What to do: Transcribe, word for word, only the lines from the one containing "高台寺的庭园精美雅致,池塘周" through the end of the material below. Pictures stay out.

Collected data:
* * * * * * *
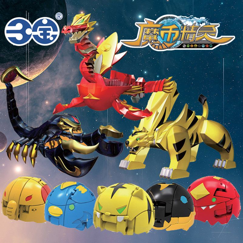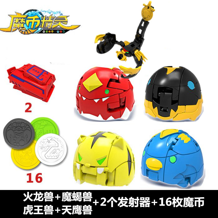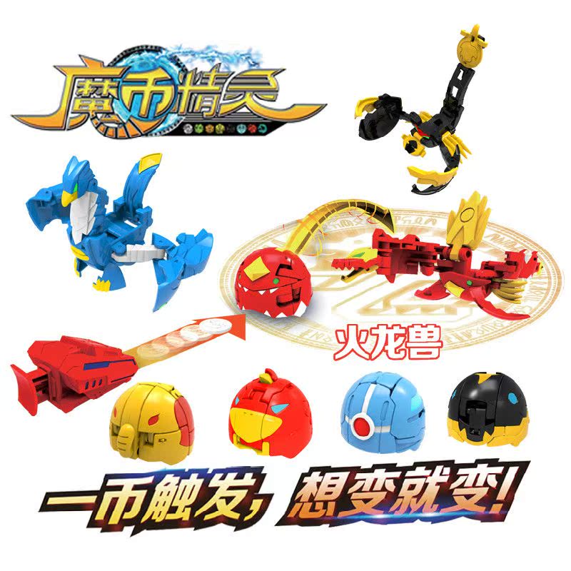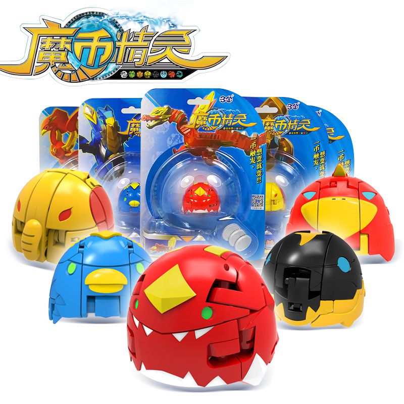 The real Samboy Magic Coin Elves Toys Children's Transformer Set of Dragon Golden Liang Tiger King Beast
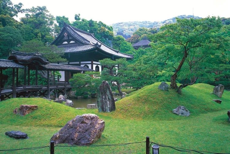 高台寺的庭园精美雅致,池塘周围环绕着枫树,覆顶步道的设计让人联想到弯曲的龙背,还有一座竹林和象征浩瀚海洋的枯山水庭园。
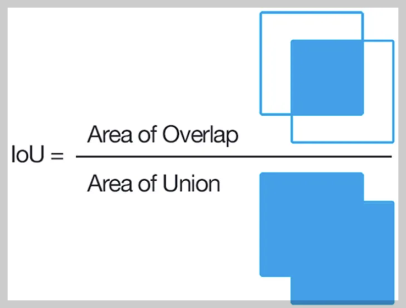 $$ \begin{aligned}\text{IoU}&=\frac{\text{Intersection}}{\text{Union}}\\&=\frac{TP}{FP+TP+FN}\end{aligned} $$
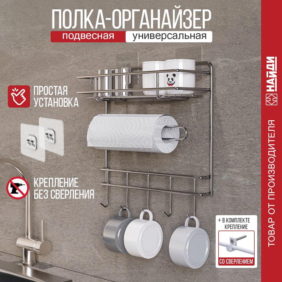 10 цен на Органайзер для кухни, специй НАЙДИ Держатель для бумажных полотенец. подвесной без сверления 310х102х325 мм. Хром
* * * * * * *
Response to the exercise:
 高台寺的庭园精美雅致,池塘周围环绕着枫树,覆顶步道的设计让人联想到弯曲的龙背,还有一座竹林和象征浩瀚海洋的枯山水庭园。
 $$ \begin{aligned}\text{IoU}&=\frac{\text{Intersection}}{\text{Union}}\\&=\frac{TP}{FP+TP+FN}\end{aligned} $$
 10 цен на Органайзер для кухни, специй НАЙДИ Держатель для бумажных полотенец. подвесной без сверления 310х102х325 мм. Хром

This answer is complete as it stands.